Pretty rare for any of those parts to fall off the shaft but they must be correctly oriented and driven back on to the correct depth or the choke may hang-up like you are seeing.
Wouldn't have anything to do with the detonation issue provided the choke flap is wide open and engine fully warmed up when you are testing it.
A lean condition at full throttle or too much total timing would be the place to start. It's typically not easy or common to get a later model low compression engine to ping on pump gas unless it's getting way too much timing (weak distributor springs will do this) or secondary metering rods not getting lifted high enough.
Did you use one of our kits and install a new plastic secondary cam/spring?........Cliff
Cliff,
Thanks for getting back to me on this. Let me see if I can answer some of your questions.

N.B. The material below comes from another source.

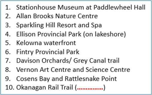 10. Okanagan Rail Trail. I hate learning that a railway has closed. However the demise of the Vernon to Kelowna route has opened up a wonderful trail for cyclists. We hired bikes from a shop at the trail head in Coldstream at the north end of Kalamanka Lake and rode for an hour along the shore before turning back, stopping for pictures at several pretty viewpoints along the way.

As to the choke arms, I was surprised as well. This did not happen on my first rebuild, and made for quite a lot of confusion this time around. For some reason, the arm that presses onto the splined portion of the shaft is very loose and keeps wanting to fall off. I know this is a redneck fix, but I put a very thin washer between it and the carb body to take up a little slop. The result is the choke works perfect, but I still have a sticking fast idle.
As to the ping issue, and first in answer to your question - unfortunately I did not use your kit. I did now know about your kits (or your book) until after I started researching my issues. Suffice it to say now I do!
I did not replace the plastic secondary cam, and in fact I totally forgot to remove it while cleaning the carb. Is it possible the carb cleaner could have destroyed the cam?
I'm pretty sure my issue is not timing, unless something happened while the carb was off the truck. It ran fine before the rebuild (although now I think on it, it did have a little tiny bit of ping under WoT conditions, barely enough to even notice). I also retarded the timing to the point of almost killing the engine, and it had no effect on the ping.
Cliff, thanks so much for your time. I don't know a whole lot about automotive carburetors, but I'm trying to learn!